Le constructeur automobile nippon Nissan prévoit l’installation d’une unité d’assemblage de véhicules au Kenya. Une décision accueillie avec satisfaction du côté de la présidence kényane, vu que cette annonce s’inscrit dans le cadre de la vision du gouvernement visant à faire du Kenya un hub régional de fabrication automobile.

Le pays séduit les constructeurs

L’intérêt du groupe japonais pour le Kenya vient après l’annonce par d’autres constructeurs de leur intention de s’implanter dans le pays, notamment Volkswagen, PSA ou encore CNH Industria qui ont confirmé la mise en place de chaînes de montage au cours des 18 derniers mois. La mise en place de ses unités pourrait faire baisser les prix des véhicules neufs sur les marchés des économies à forte croissance du Continent où le taux de possession d’un véhicule pour mille personnes représente le quart de la moyenne mondiale.

L’industrie de fabrication automobile reste embryonnaire au niveau continental, alors que le marché reste dominé par la vente de voitures d’occasion importées et que la rareté des options de financement ou encore le mauvais état des réseaux routiers sont autant de freins au marché du neuf. Au Kenya, les ventes de véhicules neufs ont baissé de 20% en 2017, soit 11 044 unités.

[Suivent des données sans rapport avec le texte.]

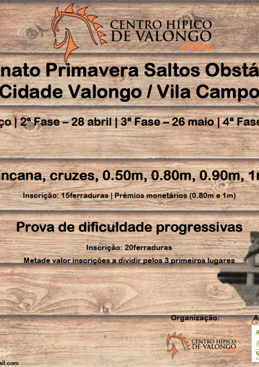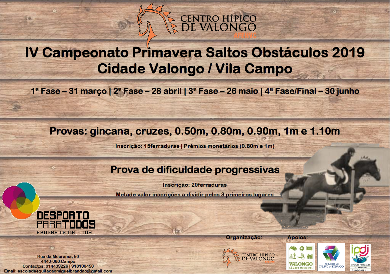 A Academia de Formação Equestre e Hipoterapia de Valongo e Campo, com o apoio do Município de Valongo, irá levar a efeito o IV Campeonato Primavera Saltos Obstáculos 2019, envolvendo provas de gincana, cruzes, 0.80m, 0.90m, 1.00m e 1.10m, com a participação de atletas de todo o país.

Une implantation soumise à condition

Nissan compte ainsi démarrer son implantation au Kenya par la mise en place d’unités d’assemblage de pick-up en kit semi-démontés (SKD). Un projet que le management du constructeur nippon a conditionné par l’annulation d’une taxe à l’importation de 25% par Nairobi. En cas d’accord, Nissan compte disposer d’une chaîne de montage opérationnelle d’ici à la fin 2019. Le management du groupe compte établir cette unité dans une usine qui sera réaménagée, ce qui permettrait de limiter les frais d’installation à 20 millions de dollars.

L’investissement technologique et industriel est estimé pour sa part à 100 millions de dollars par l’entreprise qui a précisé au passage qu’une nouvelle usine coûterait le double de ce montant. Le management envisage de recourir aux installations appartenant à Isuzu East Africa, Associated Vehicle Assemblers, Kenya Vehicle Manufacturers (JV entre le gouvernement et Toyota) ou encore Al Futtaim Group. Depuis le Kenya, Nissan compte fournir l’ensemble du marché est-africain et concurrencé les importations de camions légers en provenance d’Afrique du Sud ou encore du Japon.

Nissan qui dispose d’unités d’assemblage en Afrique du Sud et au Nigeria compte profiter de l’engouement des acheteurs kényans pour les pick-up qui représentent 12% des véhicules vendus sur le marché local. Le pays pourrait à terme faire office de tremplin au fabricant pour atteindre les marchés éthiopien et zimbabwéen, des pays qui pourraient également accueillir, à l’avenir, de nouvelles unités d’assemblage.